In a case like this, it would be good if you indicate on the issue that you intend to work on it. This would make it one of the exceptions for closing (that is - it would be clear that there is interest in the issue, and who it is that it interested in it). At the very least you could subscribe to issues you are interested in so that you get a heads up and can respond when someone decides it will never happen.
If you don’t agree that a large pile of low value issues is a problem, then we are unlikely to come to an agreement here. If there is no cost to leaving issues open, then of course we should leave them open on the off-chance that someone will do something with them. But I don’t believe it is true that there is no cost, so I think we need some kind of balance.

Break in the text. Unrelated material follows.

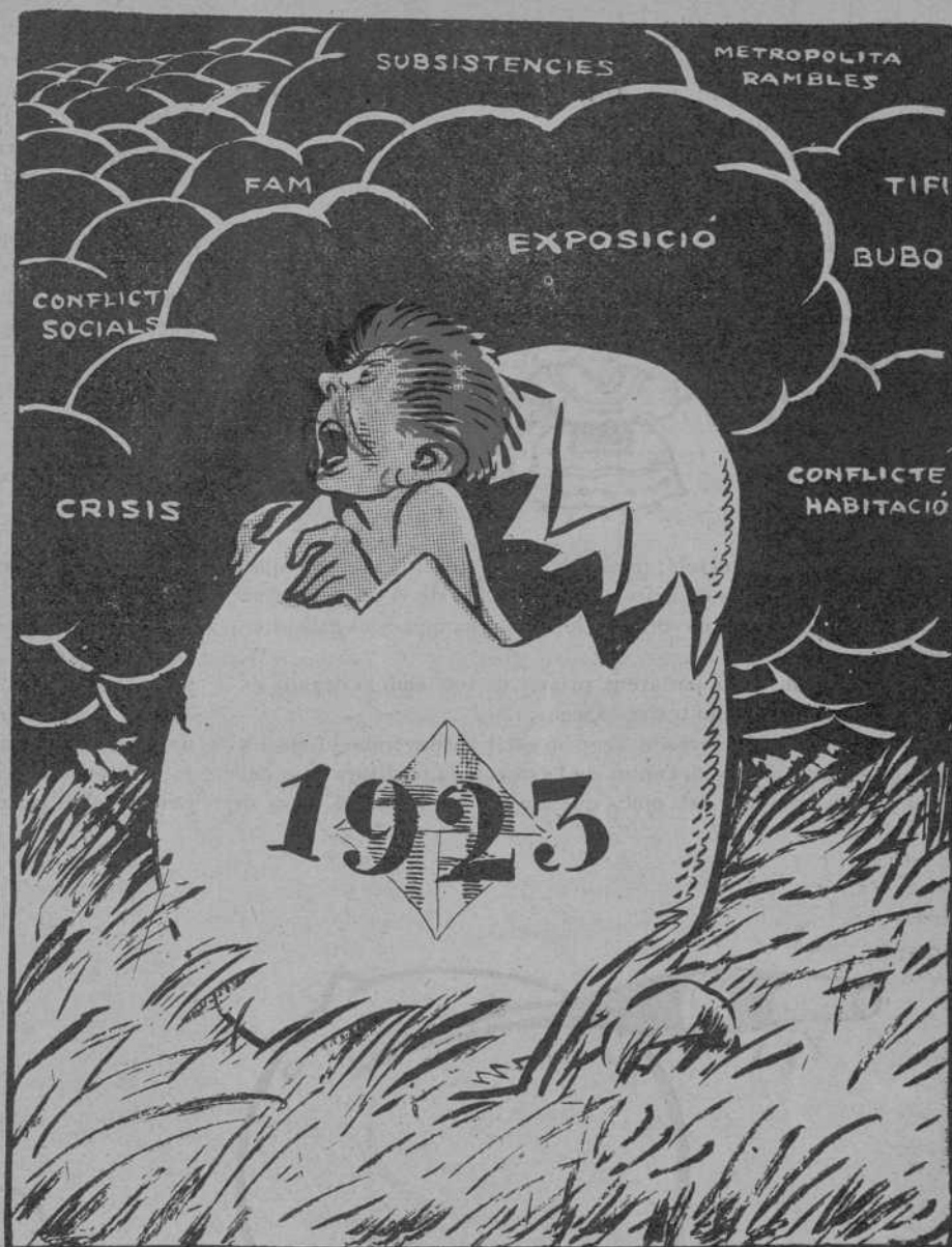
L'ANY NOU TREU EL CAP.

Sempre ens queda l'esperança de que, no acostumats a menjar molt els demés dies de l'any, els agafi una indigestió i se'n vagin a l'altre món.

When I began inheriting the Flask project and other related projects, the six repositories had well over a thousand open issues and PRs between them. It was paralyzing. It was hard to find duplicate discussions, or to know if closing one issue could close others. It was hard to know if I could merge a PR, because there were years of other PRs that might have conflicts in their implementation or purpose. It was hard to have a sense of what I should close, because why should I close this issue when all these remained open.
At my first PyCon, I ran a sprint, and I struggled to find things I was confident in having people work on. It was just as likely they would work on something only to find that it didn’t make sense, had already been done, or was no longer valid.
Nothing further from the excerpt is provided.